§ **Task instructions**
All of the listing must be given again exactly, except that the images are dropped.

§ **Given information**
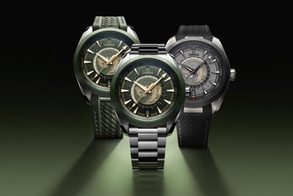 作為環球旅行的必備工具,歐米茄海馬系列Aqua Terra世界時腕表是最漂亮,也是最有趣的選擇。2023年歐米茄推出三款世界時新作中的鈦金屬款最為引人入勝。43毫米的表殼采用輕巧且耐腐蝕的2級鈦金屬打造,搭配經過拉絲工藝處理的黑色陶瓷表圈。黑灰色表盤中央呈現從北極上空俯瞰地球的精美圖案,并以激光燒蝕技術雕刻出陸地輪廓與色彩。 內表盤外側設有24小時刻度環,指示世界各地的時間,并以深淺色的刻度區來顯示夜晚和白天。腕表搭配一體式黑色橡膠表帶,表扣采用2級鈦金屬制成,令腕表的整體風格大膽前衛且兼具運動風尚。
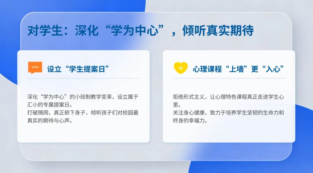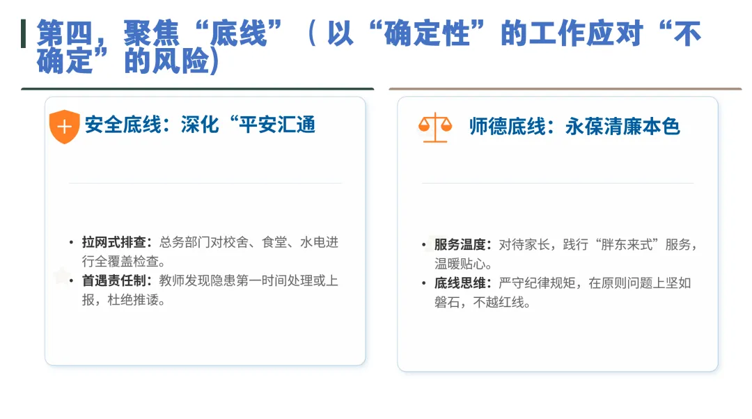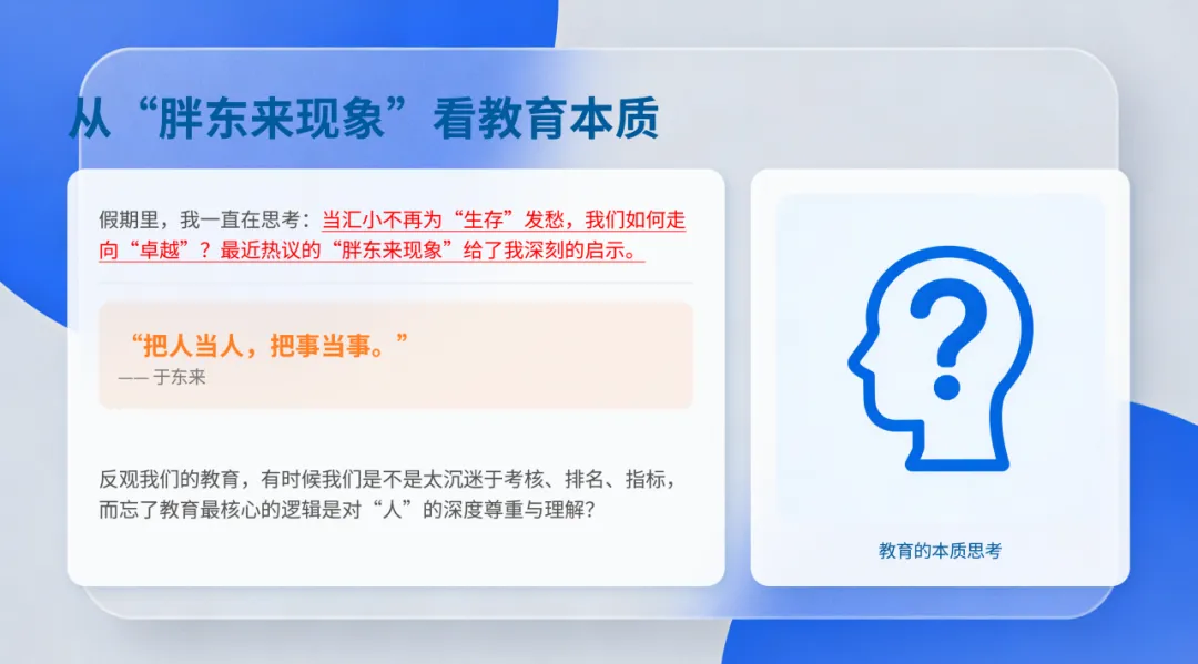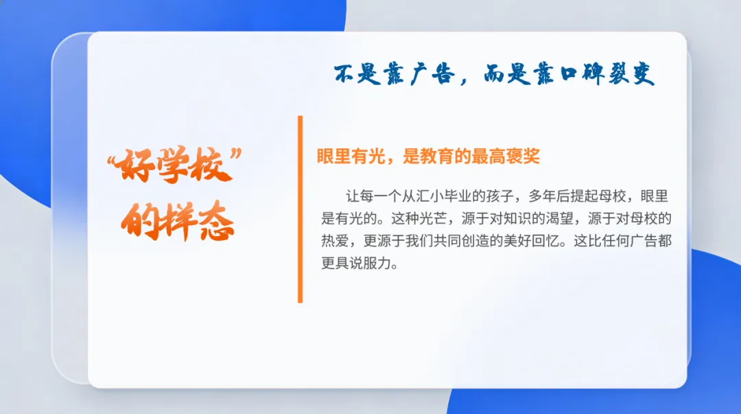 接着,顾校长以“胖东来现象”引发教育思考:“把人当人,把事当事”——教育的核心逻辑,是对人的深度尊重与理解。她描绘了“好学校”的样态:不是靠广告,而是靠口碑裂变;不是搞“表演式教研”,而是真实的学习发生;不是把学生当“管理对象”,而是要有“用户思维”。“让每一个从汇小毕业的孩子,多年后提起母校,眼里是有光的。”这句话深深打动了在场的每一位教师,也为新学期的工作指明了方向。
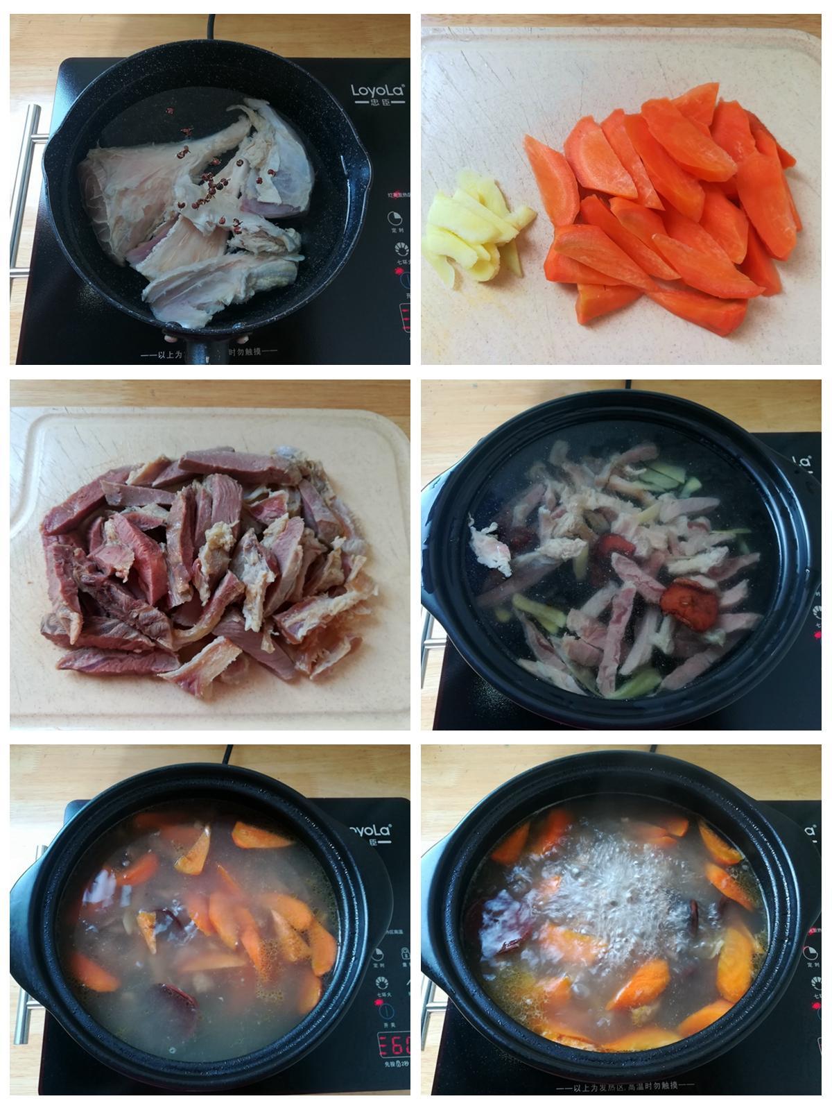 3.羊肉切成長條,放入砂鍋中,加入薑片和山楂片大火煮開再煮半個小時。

§ **Answer space**
 作為環球旅行的必備工具,歐米茄海馬系列Aqua Terra世界時腕表是最漂亮,也是最有趣的選擇。2023年歐米茄推出三款世界時新作中的鈦金屬款最為引人入勝。43毫米的表殼采用輕巧且耐腐蝕的2級鈦金屬打造,搭配經過拉絲工藝處理的黑色陶瓷表圈。黑灰色表盤中央呈現從北極上空俯瞰地球的精美圖案,并以激光燒蝕技術雕刻出陸地輪廓與色彩。 內表盤外側設有24小時刻度環,指示世界各地的時間,并以深淺色的刻度區來顯示夜晚和白天。腕表搭配一體式黑色橡膠表帶,表扣采用2級鈦金屬制成,令腕表的整體風格大膽前衛且兼具運動風尚。
 接着,顾校长以“胖东来现象”引发教育思考:“把人当人,把事当事”——教育的核心逻辑,是对人的深度尊重与理解。她描绘了“好学校”的样态:不是靠广告,而是靠口碑裂变;不是搞“表演式教研”,而是真实的学习发生;不是把学生当“管理对象”,而是要有“用户思维”。“让每一个从汇小毕业的孩子,多年后提起母校,眼里是有光的。”这句话深深打动了在场的每一位教师,也为新学期的工作指明了方向。
 3.羊肉切成長條,放入砂鍋中,加入薑片和山楂片大火煮開再煮半個小時。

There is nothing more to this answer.